King Lear wrenches the plot of Everyman from its Christian framework and plays it out in
a nihilistic spiritual universe, in which the protagonist—Lear—loses everything as
he approaches death, but cannot expect salvation in the Christian sense.
Like Everyman, Lear is progressively stripped of everything he values: his knights,
his authority, his daughters’ care, the roof over his head, and finally his sanity. Lear also
learns which of his possessions he ought to have valued all along: the love of his daughter
Cordelia.
Although the scenes in which Lear is reconciled to Cordelia suggest a partial redemption
for Lear, in the end he loses his daughter as well, and unlike the Christian Everyman, the
pagan Lear goes to his death alone. Shakespeare’s version of a morality play is far bleaker
than its medieval antecedents, as it suggests there is no reward, either in this world or the
next, for leading a moral life. Lear repents of his sins, but to no use. Cordelia, the play’s
single truly moral and kind character, is not rewarded for her goodness, and dies as well.
While Everyman suggests redemption is possible through sacrifice and
moral purity, Lear seemingly asserts the opposite.
3. Jacobean Drama/the big 4
The malcontent is a character type that often appeared in early modern drama.
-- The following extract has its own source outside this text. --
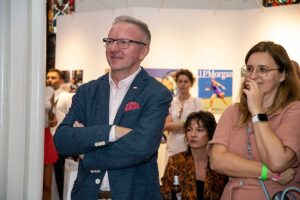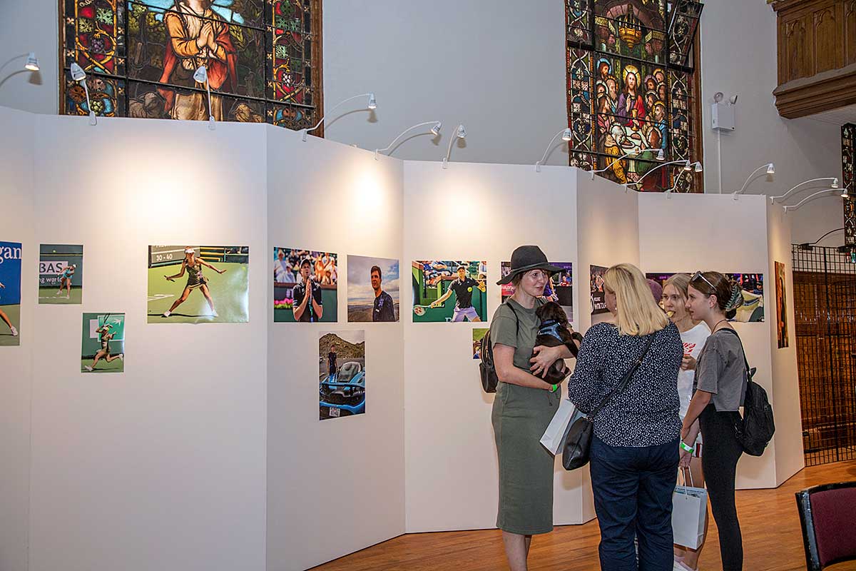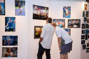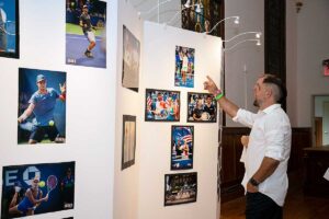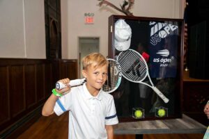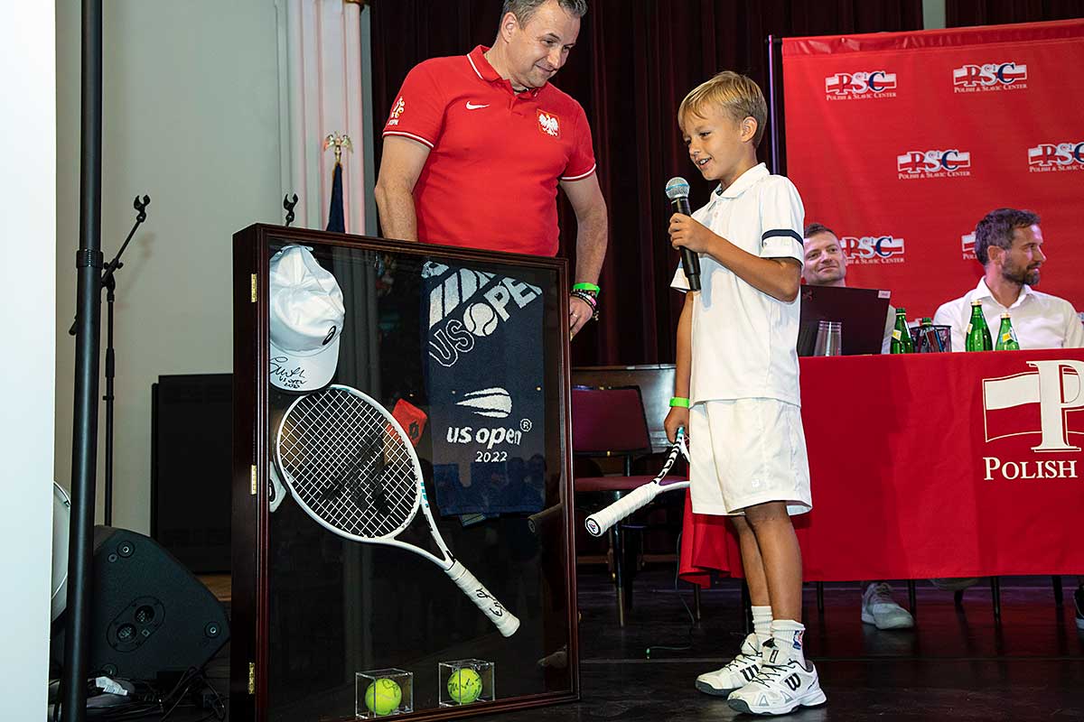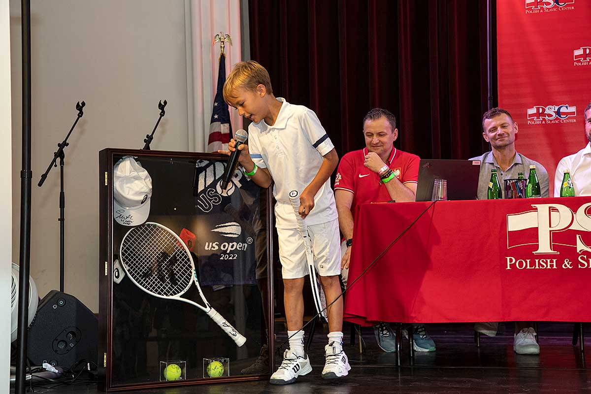 Na wystawie młodziutki 8-letni gracz tenisa Patrick Okla zaprezentował oryginalną rakietę Igi Świątek, jej czapkę i piłki z wygranego przez nią US Open w 2022 roku, wszystko pięknie oprawione.
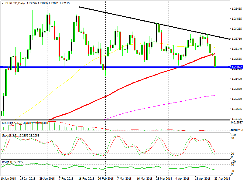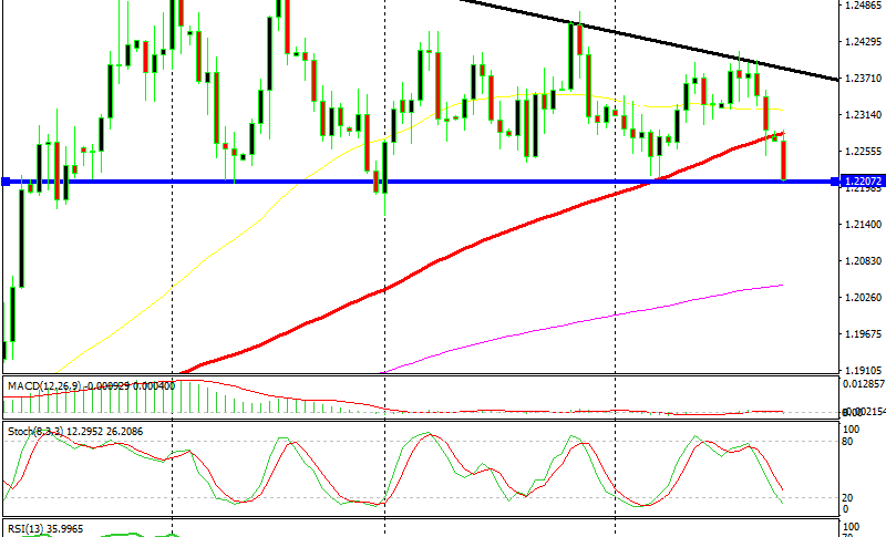 It broke the 100 SMA (red) without much trouble and now we are at the bottom of the range around 1.22. The price action today is pretty encouraging for sellers. If you switch to the hourly chart you can see that today the buyers couldn’t put up any fight at all; as soon as they began to push higher, the sellers overwhelmed them. It’s been the same price action in the last three days actually, so the bearish momentum is pretty obvious.

The
character is discontented with the social structure and other characters in the play, and is
often an outsider who observes and comments on the action, and may even acknowledge
they are in a play.
‘Edmund the bastard’ is a typical malcontent. Through his use of soliloquy, Shakespeare
brings us perhaps to a point of near empathy with this deceitful character.
Elsewhere, Jacobean tragedies, in particular, were characterised by increasingly violent
and extreme situations, betraying the influence of classical tragedy.
Shakespeare’s ‘big four’ tragedies are often considered his greatest plays
– Hamlet (1599), Othello (1603), King Lear (1606) and Macbeth (1606).